Ничего не происходит. Я высовываюсь и смотрю на дверь.
Света больше не видно.
– Что случилось? – озадаченно спрашивает меня Эми.
– Ничего. – Я растираю плечи руками, чтобы избавиться от мурашек. Нужно сохранять тишину. Если Они вернутся, то наверняка не захотят увидеть нас вместе.
Девочка тоже заползает в кладовку, забивается в дальний угол, и внезапно вокруг нас оживает сотня мигающих огоньков. По стенам развешаны целые гирлянды с белыми лампочками. Как жестоко: малышке подарили свет фальшивых звезд.
– Как в сказке, правда? – спрашивает она и похлопывает по одной из разбросанных на полу шелковых подушек, приглашая присесть рядом.
Я опускаюсь в это тряпичное гнездо, и Эми закрывает за нами дверцу.
Становится уютно, как возле костра на пляже, и я почти слышу смех младших братьев и сестер. Почти чувствую прикосновение рук Каса к моей коже.
– Смотри, – говорит девочка, возвращая меня обратно к реальности. – Я сама их сделала.
Стены покрывают завитушки и надписи. Рисунки. Неужели Эми успела нанести их сегодня? Я присматриваюсь к изображению зайца с морковкой, затем перевожу взгляд на машину, которая едет по радуге, а рядом красуется плывущий по волнам кит.
Они воплощают любовь и невинность, и
и
и
я зажимаю себе рот ладонью, стараясь не разрыдаться перед ребенком, который наверняка напуган куда сильнее меня.
Комната меняется.
Рисунки исчезают.
Меня окружает запах мочи и застарелого страха.
Доносится шепот женщины:
– Она так замерзнет насмерть.
И тут Эми прикасается к моей руке.
– Здесь живет моя сестра, – сообщает она, и я понимаю: мы снова оказались в кладовке.
Я протираю глаза и смотрю на девочку. Она заговорщически мне улыбается. Просто Чеширский Кот в облике ребенка.
– Она живет в кладовке?
– Ага. А я прихожу ее навещать. Мы устраиваем церемонии чаепития. – Эми указывает на изображение двух идущих бок о бок фигурок. Одна из них большая, другая маленькая. Они держатся за руки и улыбаются в пустоту. – Это я, – комментирует собеседница, дотрагиваясь пальцем до маленькой фигурки. – А это моя сестра.
– Как ее зовут?
– Джессика. Правда, красивое имя? Прямо как у принцессы.

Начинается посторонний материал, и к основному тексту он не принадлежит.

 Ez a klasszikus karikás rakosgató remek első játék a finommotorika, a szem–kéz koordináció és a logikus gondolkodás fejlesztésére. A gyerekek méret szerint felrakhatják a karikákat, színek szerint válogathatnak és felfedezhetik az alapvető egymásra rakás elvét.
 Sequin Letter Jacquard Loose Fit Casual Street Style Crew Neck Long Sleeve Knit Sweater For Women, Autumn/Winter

– Очень красивое, – соглашаюсь я. Интересно, вторая девочка осталась в поселении?
– Хочешь нарисовать что-нибудь в моем убежище? – Эми улыбается и нашаривает среди подушек коробку цветных карандашей.
Я отыскиваю свободное пространство над головой собеседницы и принимаюсь за изображение лилии, стараясь припомнить штрихи наброска Карлы. Добавляю несколько побегов и листьев, а затем отдаю обратно карандаши. Моя талантливая сестра пользовалась почти такими же, хотя упакованы они были по-другому.

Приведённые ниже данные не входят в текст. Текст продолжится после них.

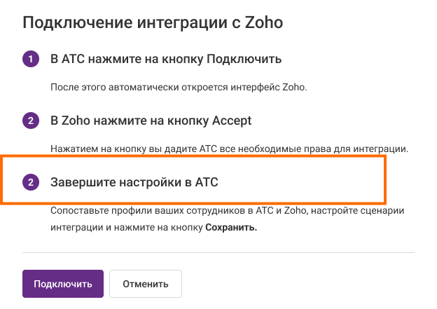 Инструкция по интеграции Zoho CRM и АТС
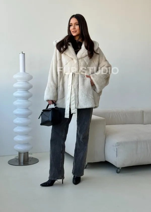 Шуба автоледи под пояс из меха норки 102497

С каждым днем, проведенным здесь, я все сильнее отдаляюсь от прежней жизни.
– Как красиво! – восклицает Эми. – Научишь меня так рисовать?
– Угу, – под нос бормочу я. Дыхание становится прерывистым, головная боль усиливается.

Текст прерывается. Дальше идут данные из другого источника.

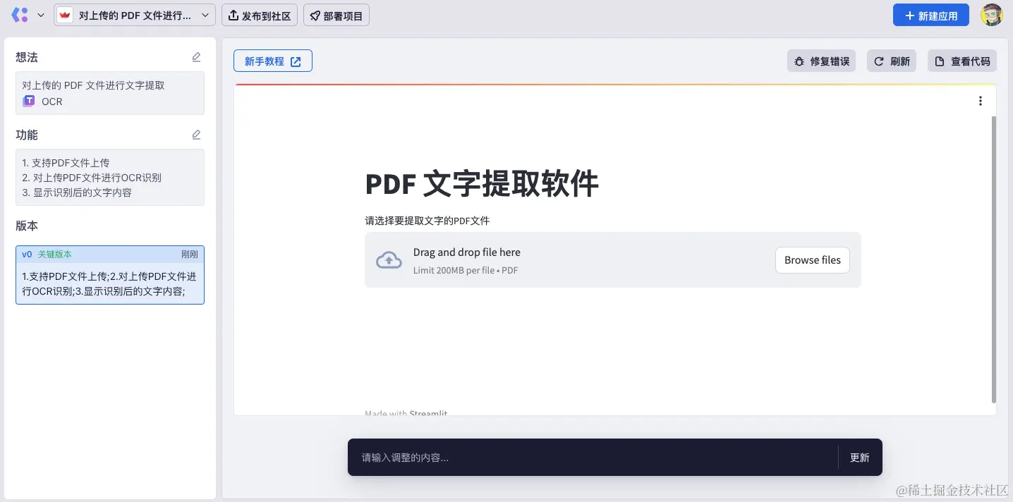 想法:对上传的 PDF 文件进行文字提取,并使用 AI 能力对提取的文字进行归纳总结。

Они могут вернуться в любую секунду. Чувство безопасности, которое дарила кладовка, тут же исчезает.
Когда я вываливаюсь в комнату, девочка следует за мной по пятам.
– Не бойся монстров. Они ни за что не сумеют сюда проникнуть.
Монстров.
Для меня это слово означает Джинни и правительство.
Чувствую внезапное желание убежать отсюда, вернуться в свою комнату и накрыться с головой одеялом. Спрятаться. Но нужно быть сильной ради Эми. Нужно помочь ей так, как никто не поможет мне. Нельзя ее напугать.
– Пожалуй, мне пора ложиться спать, – произношу я. – Да и тебе тоже.
– Ты заправишь одеяло?
Я укрываю малышку трясущимися руками. Она закрывает глаза.
– Спокойной ночи, Пайпер, – сонно улыбается она мне.
И тут меня осеняет: я видела Эми на фотографиях в гостиной. На тех двух, где она каталась на велосипеде. Она – это девочка с отсутствующим передним зубом. Только сейчас вырос новый.
Я пытаюсь пожелать ей спокойной ночи, но не могу издать ни звука.
Выйдя в коридор, осторожно закрываю за собой дверь. Стоит полнейшая тишина, лишь кровь шумит в ушах.
Стараясь ступать тихо, я прокрадываюсь вниз по лестнице, беру фотографии Эми и второй девочки с каминной полки, прячу их под футболку и возвращаюсь к себе в комнату.
Затем включаю настольную лампу и рассматриваю изображения. Моя новая знакомая улыбается в объектив и прижимает к себе куклу с ярко-синими волосами. За спиной раскинулся дуб, похожий на тот, что рос возле нашего дома. На другой фотографии девочка высовывается из неглубокого бассейна и взбивает веер брызг. У нее длинные светлые волосы и голубые глаза.
Это я.
Я поняла это еще тогда, когда впервые увидела снимки, но не поверила глазам.
Женщина каким-то образом сумела украсть наши детские изображения и поместила их в рамки, желая обмануть нас, заставить поверить, что здесь наш дом.
Но это не так.
Я решаю оставить фотографии и ставлю их на комод.
Не только Джинни может играть в эти игры.
Глава двадцать первая
До
В спальню из коридора пробивается вой сирены. Я сажусь на постели и включаю фонарик, который держу на всякий случай под подушкой.
– Сошествие тьмы, – грохочет в громкоговорителе голос отца.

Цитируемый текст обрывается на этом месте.